Typically, I'd return the pointer from allocate:
void * allocate()
{
void * retval = malloc(sizeof(some_struct));
/* initialize *retval */
return retval;
}
If you want to return it in a parameter, you have to pass a pointer to the parameter. Since this is a pointer to a some_struct, you have to pass a pointer to a pointer:
void allocate (some_struct ** ret)
{
*ret = malloc(sizeof(some_struct));
/* initialization of **ret */
return;
}
to be called as
some_struct *s;
allocate(&s);
I highly doubt this is what your teacher had in mind, but you can cheat using a series of legal type conversions.

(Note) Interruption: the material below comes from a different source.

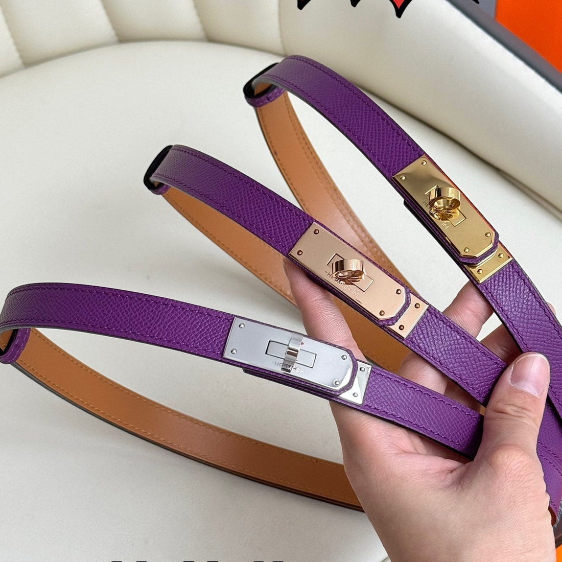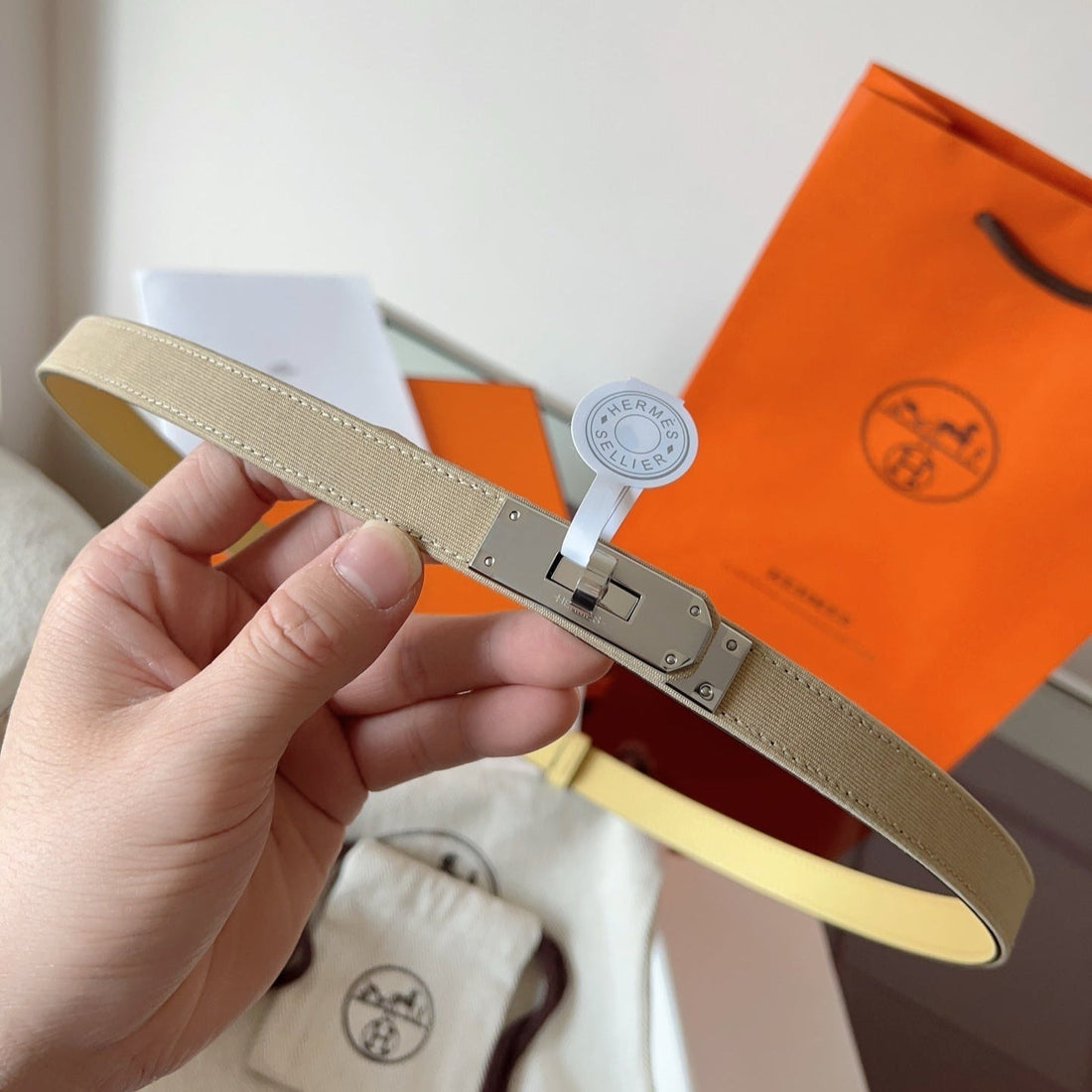 HM Kelly Belt 18mm Beige Canvas Epsom Leather Gold Buckle
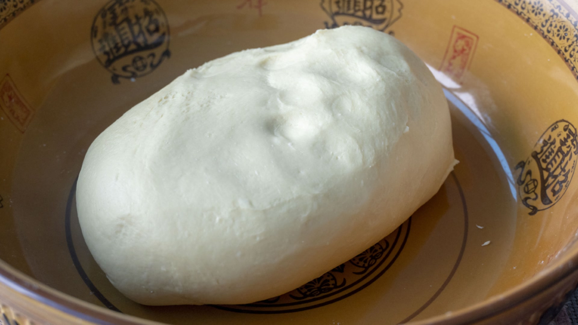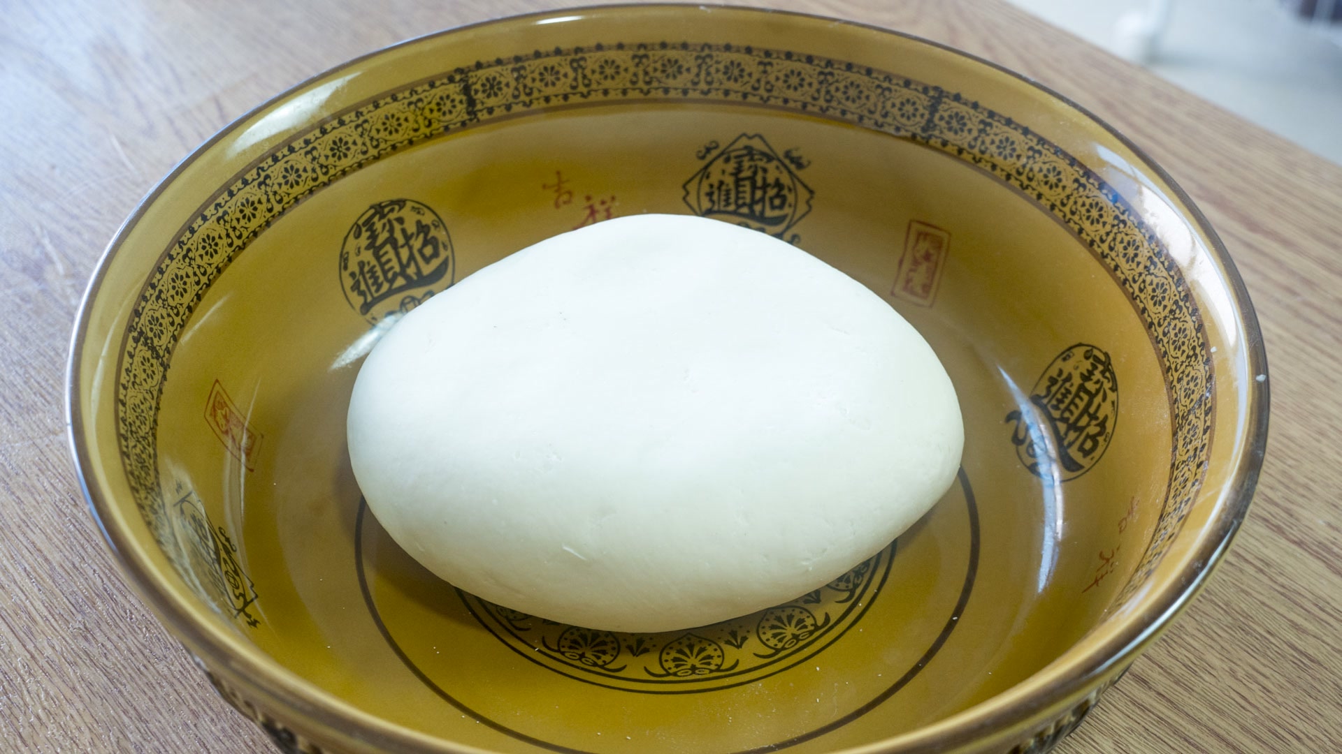 3、揉光后移到砧板上,像搓衣服一样继续揉搓,50克干面粉分次添加进去,边加边揉,这里用的是戗面;

int allocate(some_struct *arg)
/* we're actually going to pass in a some_struct ** instead.
Our caller knows this, and allocate knows this. */
{
void *intermediate = arg; /* strip away type information */
some_struct **real_deal = intermediate; /* the real type */
*real_deal = malloc(sizeof *real_deal); /* store malloc's return in the
object pointed to by real_deal */
return *real_deal != 0; /* return something more useful than always 0 */
}
Then your caller does the same:
{
some_struct *s;
void *address_of_s = &s;
int success = allocate(address_of_s);
/* what malloc returned should now be what s points to */
/* check whether success is non-zero before trying to use it */
}
This relies on a rule in C that says any pointer to an object can be implicitly converted to a void pointer, and vice-versa, without loss.
Note that formally this is undefined, but it is all but sure to work. While any object pointer value is required to be able to convert to a void* and back without loss, there is nothing in the language that guarantees that a some_struct* can store a some_struct** without loss. But it has a very high likelihood of working just fine.

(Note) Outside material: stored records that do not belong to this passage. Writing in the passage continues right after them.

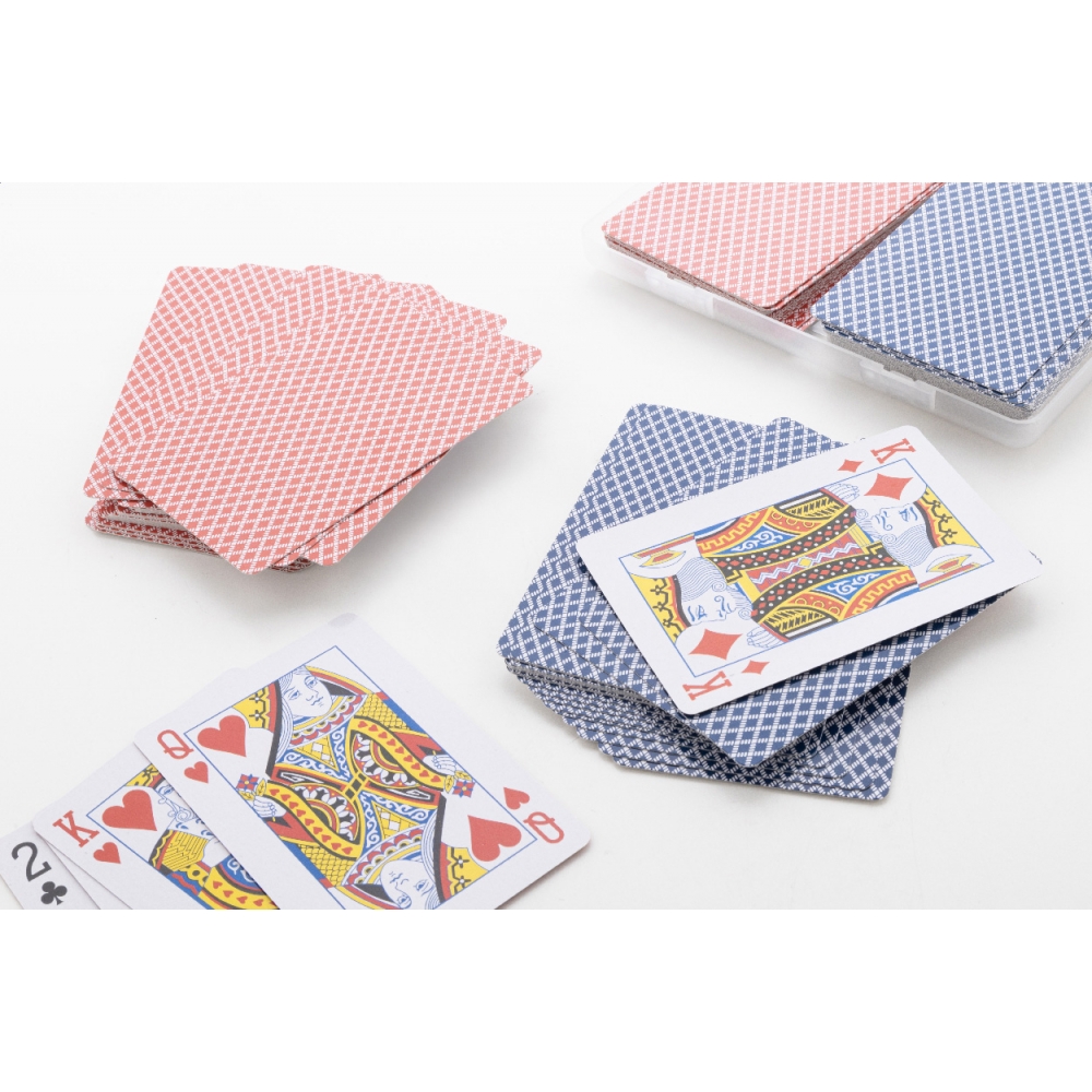 Artikel-Nr: KTO11022000000Französisches Deck aus widerstandsfähigem laminiertem Papier. Es enthält 54 Spielkarten, präsentiert in einem individuellen Etui mit transluzenter Oberfläche und mit Sicherheitsverschluss.
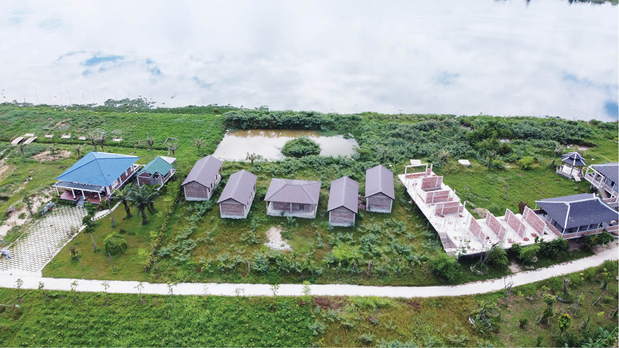 Ghi nhận của PV, từ tuyến đường dẫn vào Cồn Nhỏ khu vực của DA luôn cửa đóng then cài. Hiện trạng trong DA đã trồng nhiều cây xanh mọc um tùm, đường giao thông nội bộ, thảm cỏ đã hoàn thiện. Nhiều công trình nhà cửa, lợp ngói đã được xây dựng hoàn thiện và còn dang dở nằm cạnh các trục đường nội bộ…
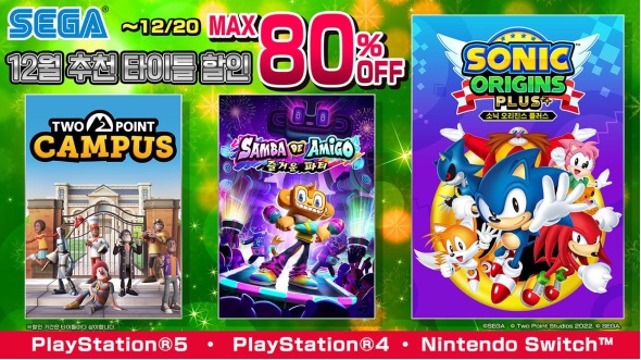 ... 할인 대상 타이틀과 할인율에 대해서는 특설 웹사이트를 통해 확인할 수 있으며, 할인 종료일은 12월 20일이다. 또한, 『Two Point Campus』의 할인은 12월 11일종료된다. ■ PS5™/PS4™/Nintendo Switch&trad

Your teacher gave you no option but to write formally illegal code. I don't see that you have any other option besides "cheating" like this.

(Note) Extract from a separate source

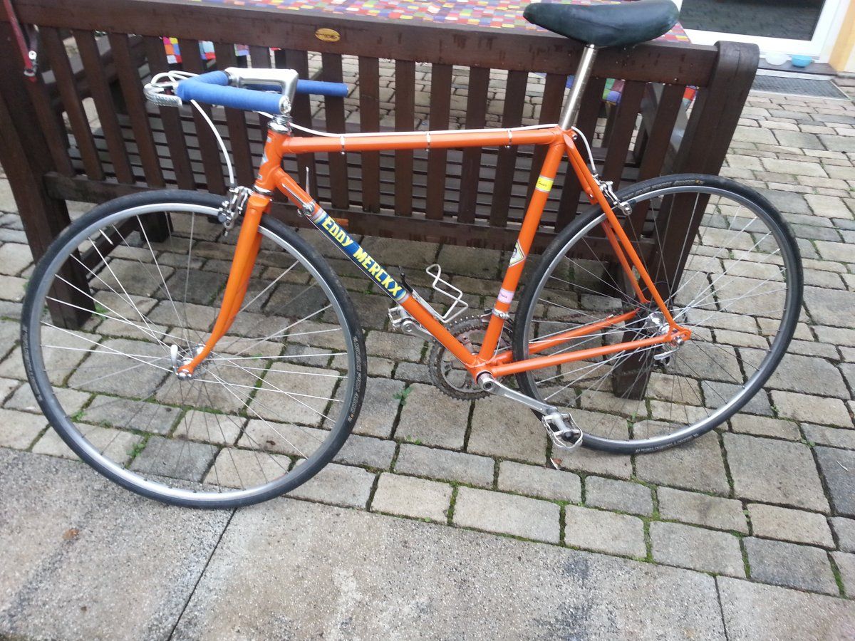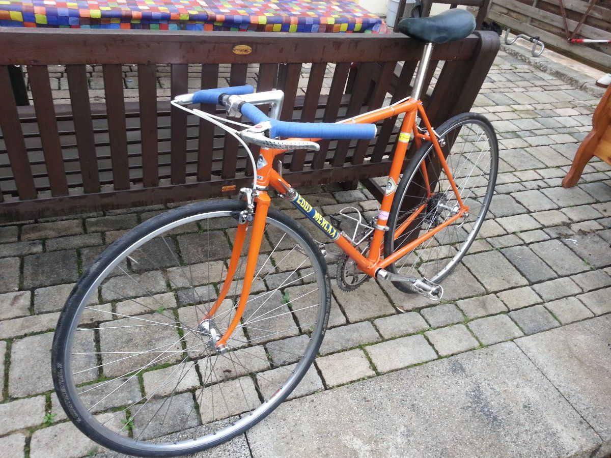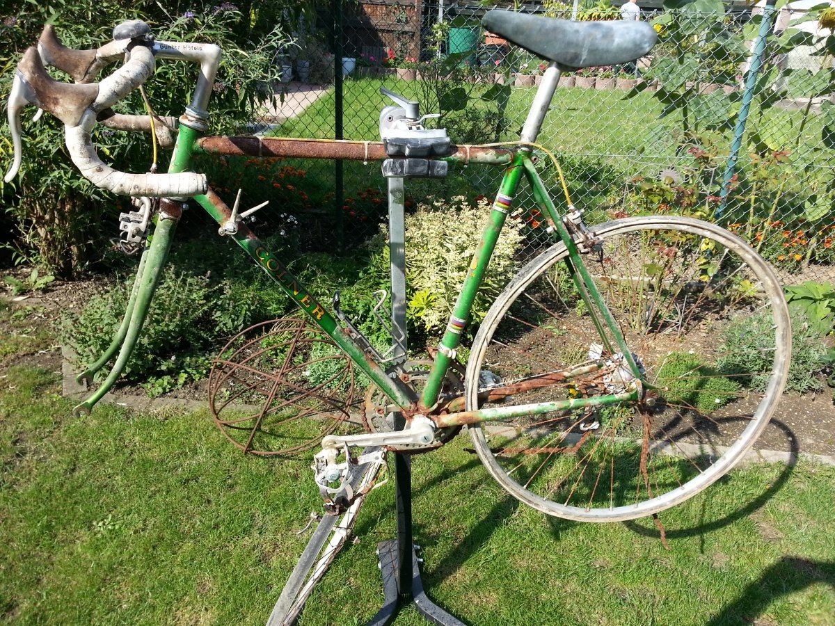 hatte ihn komplett entlackt und die Rostkrater gespachtelt.Draus geworden ist ein Eddy Merckx Molteni team modell

int func(some_struct *arg) {
arg = malloc(sizeof(some_struct));
...
}
Here you just assign the result of malloc to the local arg variable. pointers are passed by value in C, a copy of the pointer gets passed to the function. You cannot change the pointer of the caller this way. Keep in mind the difference in a pointer and what it points to.
You have various options:
Return the pointer from the function:
some_struct *func(void) {
arg = malloc(sizeof(some_struct));
...
return arg;
}
...
some_struct *a = func();
Allocate the structure in the caller:
int func(some_struct *arg) {
...
arg->something = foo;
}
...
some_struct a;
func(&a);
Or dynamically allocate it
some_struct *a = malloc(sizeof *a);
func(a);
Using a pointer to the callers pointer:
int func(some_struct **arg) {
*arg = malloc(sizeof **arg);
}
...
some_struct *a;
func(&a);
Use a global variable (ugly..)
some_struct *global;
int func(void) {
global = malloc(sizeof *global);
}
...
some_struct *a;
func();
a = global;
You can't do it this way. You can't declare a struct by value, and then change it by address.
some_struct *s;
printf("Before: %d\n", s");
allocate(&s);
printf("After: %d\n", s");
...
/* The allocation function */
int allocate(some_struct **arg) {
*arg = malloc(sizeof(some_struct));
printf("In function: %d\n", *arg");
return 0;
}
You need to modify the pointed value for the struct. So you need another level of indirection, thus you have to send a pointer to the struct pointer.
Well, C uses pass-by-value, which means that functions get copies of their arguments, and any changes made to those copies don`t affect the original in the caller.
/* The allocation function */
int allocate(some_struct *arg) {
arg = malloc(sizeof(some_struct));
printf("In function: %d\n", &arg");
return 0;
}
Here you pass in the address of your some_struct s. Then you discard that address, and replace it with whatever was returned by malloc. Then you return, and the return value of malloc is lost forever, and you've leaked memory. And your some_struct s has not been changed. It still has whatever random number it was initialized to, which you printed out.
If you may not change the signature of the allocate function, it can never be useful. It must either take the address of a pointer, so that it can modify the value of that pointer, or it must return a pointer that your caller can tuck away.